Private Cyberspaces use different Public Key Cryptography systems (NaCl, RSA, ECDSA) in different layers of the platform to prevent the cracking of one bringing down the whole platform.

1. NaCl

NaCl is currently the default general purpose encryption library used in Private Cyberspace. For example, most data messages in Sovereign Transactions are encrypted with NaCl 256-bit keys.

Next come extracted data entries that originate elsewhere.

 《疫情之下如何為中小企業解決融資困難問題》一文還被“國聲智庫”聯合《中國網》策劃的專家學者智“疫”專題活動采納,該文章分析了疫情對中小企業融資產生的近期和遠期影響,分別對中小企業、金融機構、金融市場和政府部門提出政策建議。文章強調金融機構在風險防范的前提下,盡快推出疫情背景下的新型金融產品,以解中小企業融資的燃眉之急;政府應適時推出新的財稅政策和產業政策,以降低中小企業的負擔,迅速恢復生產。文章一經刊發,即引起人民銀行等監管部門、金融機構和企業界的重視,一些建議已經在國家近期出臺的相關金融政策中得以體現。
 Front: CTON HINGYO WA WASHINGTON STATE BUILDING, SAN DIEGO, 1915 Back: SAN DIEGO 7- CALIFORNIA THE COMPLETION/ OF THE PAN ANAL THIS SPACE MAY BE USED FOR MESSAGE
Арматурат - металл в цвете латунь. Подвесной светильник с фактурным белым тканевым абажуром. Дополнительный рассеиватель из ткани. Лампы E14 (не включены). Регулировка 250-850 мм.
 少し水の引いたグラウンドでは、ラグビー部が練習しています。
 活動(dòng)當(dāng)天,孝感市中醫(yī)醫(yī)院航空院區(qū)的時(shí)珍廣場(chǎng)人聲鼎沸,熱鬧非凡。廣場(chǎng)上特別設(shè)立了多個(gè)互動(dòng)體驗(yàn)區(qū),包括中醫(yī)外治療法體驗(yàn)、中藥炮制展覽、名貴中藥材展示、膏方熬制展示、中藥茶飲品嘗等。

A popular javascript implementation is TweetNaCl.js:

Some limitation of TweetNaCl.js:

1. Secret Key Commitment
   While XSalsa20-Poly1305, as used in nacl.secretbox and nacl.box, meets the standard notions of privacy and authenticity for a secret-key authenticated-encryption scheme using nonces, BUT it is "not key-committing", which means that it is possible to find a ciphertext which decrypts to valid plaintexts under two different keys. This may lead to vulnerabilities if encrypted messages are used in a context where key commitment is expected.

2. Signature Malleability
   While Ed22519 as originally defined and implemented in nacl.sign meets the standard notion of unforgeability for a public-key signature scheme under chosen-message attacks, BUT it is "malleable", so given a signed message, it is possible, without knowing the secret key, to create a different signature for the same message that will verify under the same public key. This may lead to vulnerabilities if signatures are used in a context where malleability is not expected.

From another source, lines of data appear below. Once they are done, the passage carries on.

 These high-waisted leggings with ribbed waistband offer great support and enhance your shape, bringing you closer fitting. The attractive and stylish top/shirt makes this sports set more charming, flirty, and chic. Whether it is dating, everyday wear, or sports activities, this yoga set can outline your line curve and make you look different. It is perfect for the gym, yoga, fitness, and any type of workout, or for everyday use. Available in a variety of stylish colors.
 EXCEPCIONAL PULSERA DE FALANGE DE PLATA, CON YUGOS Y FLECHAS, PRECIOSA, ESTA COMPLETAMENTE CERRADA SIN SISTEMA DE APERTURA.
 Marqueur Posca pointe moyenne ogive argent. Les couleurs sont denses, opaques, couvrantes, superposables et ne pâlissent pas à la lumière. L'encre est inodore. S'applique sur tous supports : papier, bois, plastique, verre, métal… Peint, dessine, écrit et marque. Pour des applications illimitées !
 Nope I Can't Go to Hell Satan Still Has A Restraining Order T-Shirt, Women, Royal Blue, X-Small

3. Hash Length-extension Attacks
   The SHA-512 hash function, as implemented by nacl.hash, BUT it is "not resistant" to length-extension attacks.

4. Side-channel Attacks
   While TweetNaCl.js uses algorithmic constant-time operations, BUT it is impossible to guarantee that they are physically constant time given JavaScript runtimes, JIT compilers, and other factors. It is also impossible to guarantee that secret data is physically removed from memory during cleanup due to copying garbage collectors and optimizing compilers.

1.1. Public Keys

One major use of NaCl is on the protection of Dynamic Aliases, each alias comes with at least 2 set of keys for encryption and signing:

1. public encryption key
2. private encryption key
3. public signing key
4. private signing key

Public Key Demo

• TweetNaCl.js - JavaScript crypto library

1.2. Secret Keys

By default the Secret Keys are NaCl based:

Secret Key Demo

• TweetNaCl.js - JavaScript crypto library

1.3. Enhancements

More NaCl implementations only have Box and Secret Box, all Private Cyberspace implementations support Sealed Box also, enabling encryption and decryption easily with just one key (public or private).

2. RSA

RSA is mainly used for communication between servers under the TLS protocol. Since the default library (NaCl) is already using elliptic curve at the data transaction level, we wrap them up inside the different RSA encryption for extra protection at the server transaction level.

The public key cryptography system for the HTTPS transport is RSA based with 2048-bit keys for HTTP Servers (from Let's Encrypt) and 4096-bit keys for HTTP Clients.

3. ECDSA

ECDSA is used in some of Private Cyberspace functions like Fuzzy Blockchain (which is based on Bitcoin Core), it complements the EdDSA used in the default NaCl library.

The public key cryptography system for the blockchain storage is ECDSA based with 256-bit keys (from the Bitcoin Core).

4. Future Public Key Systems

For future versions of the platform, we are investing quantum-resistant cryptography (e.g. using OQS instead of RSA in the Networking layer).

The preference is to always have different public key systems handling the Processing, Networking and Storage layers.